On the boundary: family therapy in a long-term inpatient setting.

作者信息

Hunter D E

出版信息

Fam Process. 1985 Sep;24(3):339-55. doi: 10.1111/j.1545-5300.1985.00339.x.

Abstract

The paradigm for inpatient family therapy presented here is intended both as a description of, and a means of thinking about, family therapy in a long-term inpatient setting. It is meant to contribute to a delineation of treatment goals and strategies within a conceptual framework that is rooted in and expresses the complex clinical realities of inpatient treatment, where the locus of family therapy is the family-hospital boundary. The four functions described here are hierarchical in their relationships to each other, each function emerging only in the context of the logically prior function. Although, clearly, inpatient family therapy moves through stages parallel to those of other treatment modalities (14), the purpose of this paper is to explore therapeutic functions rather than present a prescriptive, linear description of successive phases of treatment. Joining, once achieved, cannot be left behind: it needs constant attending to, though more so at some times than others. Similarly with the other functions. It is helpful when pausing to examine one's work to note those functions that, at any given time, seem to be most at issue. For instance, the family of a patient well along the road toward discharge may promote a crisis (e.g., another family member may become symptomatic, the parents' marriage might suddenly seem in danger of falling apart, or the whole thrust of the treatment may be rejected peremptorily).

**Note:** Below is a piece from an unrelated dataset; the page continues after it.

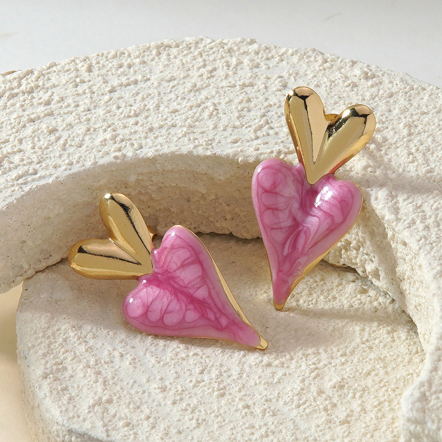 Pendientes de Acero Inoxidable, acero inoxidable 304, Corazón, chapado en color dorado, para mujer & esmalte, más colores para la opción, 17.20x34.30mm, Vendido por Par

On such occasions the inpatient family therapist must look for precipitating factors, not just in the domain of the family and its functioning and not just in his or her relationship with the family, but also in the context of the family's relationship to the hospital. Is the hospital riding roughshod over the family's feelings? Has important information from the family been ignored? Or, has important information been neglectfully withheld from the family? Is the treatment team moving too quickly toward discharge? Are staff, then, subtly pulling back from the patient or other family members as a way of coping with their feelings of loss? Have staff somehow communicated disappointment or pessimism or despair to the family? Has the family therapist somehow inadequately represented the family's needs to the treatment team or floor staff? Do treatment decisions therefore strike the family as insensitive or thoughtless? Has the family therapist been unable to frame treatment decisions in a way the family can accept and use constructively?

摘要

本文所呈现的住院患者家庭治疗模式,既是对长期住院环境下家庭治疗的一种描述,也是思考家庭治疗的一种方式。它旨在有助于在一个植根于并表达住院治疗复杂临床现实的概念框架内,明确治疗目标和策略,其中家庭治疗的核心是家庭与医院的边界。这里所描述的四种功能在彼此关系上具有层级性,每种功能仅在逻辑上先于它的功能的背景下才会出现。虽然很明显,住院患者家庭治疗会经历与其他治疗方式平行的阶段(14),但本文的目的是探讨治疗功能,而非对治疗的连续阶段进行规定性的、线性的描述。一旦实现了联结,就不能置之不理:需要持续关注,尽管在某些时候比其他时候更需要关注。其他功能也是如此。在停下来审视自己的工作时,留意在任何特定时间似乎最成问题的那些功能是很有帮助的。例如,一位即将出院的患者的家庭可能引发一场危机(例如,另一位家庭成员可能出现症状,父母的婚姻可能突然看似面临破裂的危险,或者整个治疗方案可能被断然拒绝)。在这种情况下,住院患者家庭治疗师必须寻找促成因素,不仅要在家庭及其功能领域内寻找,不仅要在他或她与家庭的关系中寻找,还要在家庭与医院的关系背景中寻找。医院是否在粗暴对待家庭的感受?来自家庭的重要信息是否被忽视?或者,重要信息是否被疏忽地隐瞒给了家庭?治疗团队是否过快地朝着出院推进?那么,工作人员是否在微妙地疏远患者或其他家庭成员,以此来应对他们的失落感?工作人员是否以某种方式向家庭传达了失望、悲观或绝望?家庭治疗师是否在某种程度上没有向治疗团队或楼层工作人员充分表达家庭的需求?因此,治疗决策是否让家庭觉得冷漠或轻率?家庭治疗师是否无法以家庭能够接受并建设性地利用的方式来制定治疗决策?